But, in our judgment, when fairness to the prosecution, as well as
fairness to the defence, are considered, there is nothing either wrong
in law or unfair in the evidence in relation to each of these children
being admitted, in relation to the death of the others. It follows
that, in our judgment, the judge was correct to rule in relation to
admissibility as she did and to rule that severance was
inappropriate.”
157 Of the authorities which are canvassed by that interlocutory
judgment of the Court of Appeal there is one, Director of Public
Prosecutions v P [1991] 2 AC 447, in which the Lord Chancellor, Lord
Mackay of Clashfern, states a number of propositions which are, I
think, helpful to the present discussion.

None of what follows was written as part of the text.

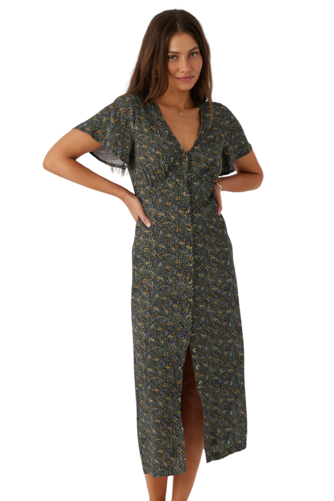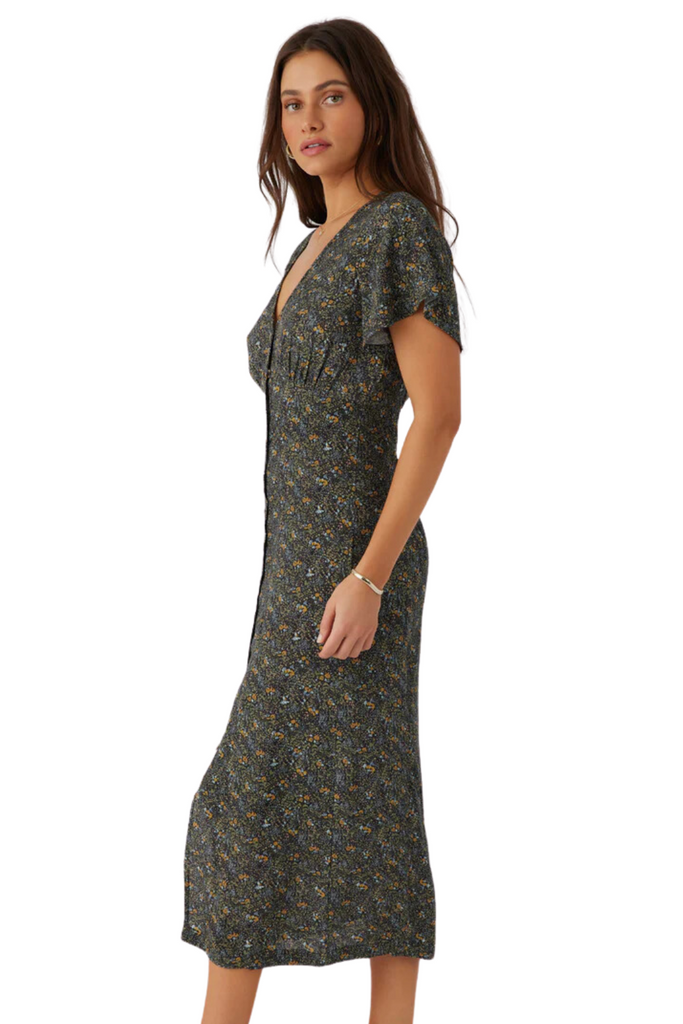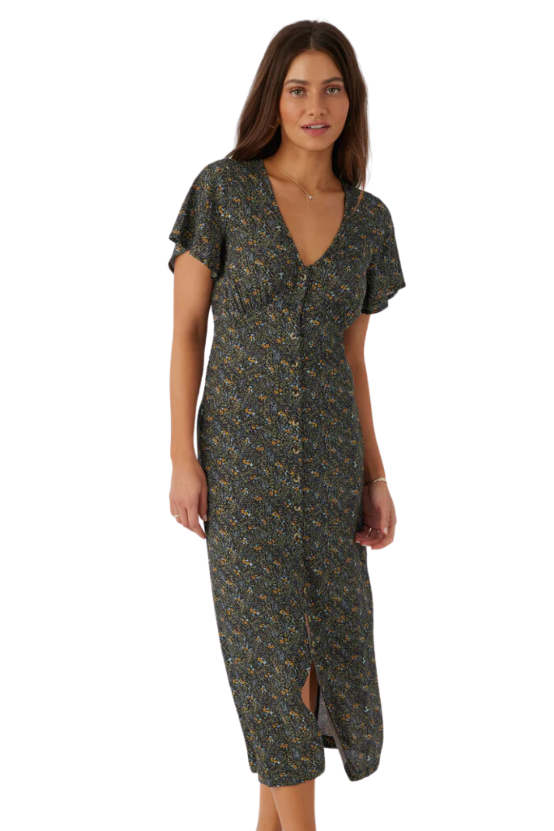 This lovely Rayney Midi Dress will bring an updated look to a classic 'fit. It's an allover print midi dress with flutter sleeve detail, v-neckline, front button closure, and back waist smocking. Perfect to wear for casual dates, occasions, or getaways!

158 At 460D – 461A his Lordship says:
“As this matter has been left in Reg v Boardman I am of opinion that
it is not appropriate to single out ‘striking similarity’ as an
essential element in every case in allowing evidence of an offence
against one victim to be heard in connection with an allegation
against another. Obviously, in cases where the identity of the
offender is an issue, evidence of a character sufficiently special
reasonably to identify the perpetrator is required and the discussion
which follows in Lord Salmon’s speech on the passage which I have
quoted indicates that he had that type of case in mind.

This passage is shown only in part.